Using different moves#

One of the most important new features included in the version 3 release of emcee is the interface for using different “moves” (see Moves for the API docs). To demonstrate this interface, we’ll set up a slightly contrived example where we’re sampling from a mixture of two Gaussians in 1D:

Hide code cell content
%config InlineBackend.figure_format = "retina"

from matplotlib import rcParams
rcParams["savefig.dpi"] = 100
rcParams["figure.dpi"] = 100
rcParams["font.size"] = 20
import numpy as np
import matplotlib.pyplot as plt


def logprob(x):
    return np.sum(
        np.logaddexp(
            -0.5 * (x - 2) ** 2,
            -0.5 * (x + 2) ** 2,
        )
        - 0.5 * np.log(2 * np.pi)
        - np.log(2)
    )


x = np.linspace(-5.5, 5.5, 5000)
plt.plot(x, np.exp(list(map(logprob, x))), "k")
plt.yticks([])
plt.xlim(-5.5, 5.5)
plt.ylabel("p(x)")
plt.xlabel("x");
../../_images/b06263115761905e81eb4c3c42d7d3a60096d4c3c9186eb0f771b30eaa6677f9.png

Now we can sample this using emcee and the default moves.StretchMove:

import emcee

np.random.seed(589403)

init = np.random.randn(32, 1)
nwalkers, ndim = init.shape

sampler0 = emcee.EnsembleSampler(nwalkers, ndim, logprob)
sampler0.run_mcmc(init, 5000)

print("Autocorrelation time: {0:.2f} steps".format(sampler0.get_autocorr_time()[0]))
Autocorrelation time: 40.03 steps

This autocorrelation time seems long for a 1D problem! We can also see this effect qualitatively by looking at the trace for one of the walkers:

plt.plot(sampler0.get_chain()[:, 0, 0], "k", lw=0.5)
plt.xlim(0, 5000)
plt.ylim(-5.5, 5.5)
plt.title("move: StretchMove", fontsize=14)
plt.xlabel("step number")
plt.ylabel("x");
../../_images/9fdcfbdc20b7512d4f987fe9b675b84cd049aa2b5f7692968e4b878d482a4738.png

For “lightly” multimodal problems like these, some combination of the moves.DEMove and moves.DESnookerMove can often perform better than the default. In this case, let’s use a weighted mixture of the two moves. In deatil, this means that, at each step, we’ll randomly select either a :class:moves.DEMove (with 80% probability) or a moves.DESnookerMove (with 20% probability).

np.random.seed(93284)

sampler = emcee.EnsembleSampler(
    nwalkers,
    ndim,
    logprob,
    moves=[
        (emcee.moves.DEMove(), 0.8),
        (emcee.moves.DESnookerMove(), 0.2),
    ],
)
sampler.run_mcmc(init, 5000)

print("Autocorrelation time: {0:.2f} steps".format(sampler.get_autocorr_time()[0]))
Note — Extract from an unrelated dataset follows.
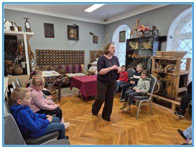 Po części warsztatowej udaliśmy się na spacer po muzeum, podczas którego obejrzeliśmy aktualną wystawę etnograficzną oraz liczne eksponaty związane z regionem hrubieszowskim.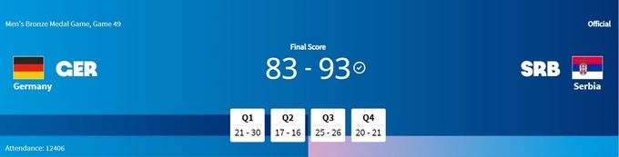 Германия – Сербия – 83:93 (21:30, 17:16, 25:26, 20:21)

plt.plot(sampler.get_chain()[:, 0, 0], "k", lw=0.5)
plt.xlim(0, 5000)
plt.ylim(-5.5, 5.5)
plt.title("move: [(DEMove, 0.8), (DESnookerMove, 0.2)]", fontsize=14)
plt.xlabel("step number")
plt.ylabel("x");
Autocorrelation time: 6.49 steps
../../_images/2652a52666b81982b6c7f211f4b4255fe89f11f7536f4e0caafcf82b682c72a5.png

That looks a lot better!

The idea with the Moves interface is that it should be easy for users to try out several different moves to find the combination that works best for their problem so you should head over to Moves to see all the details!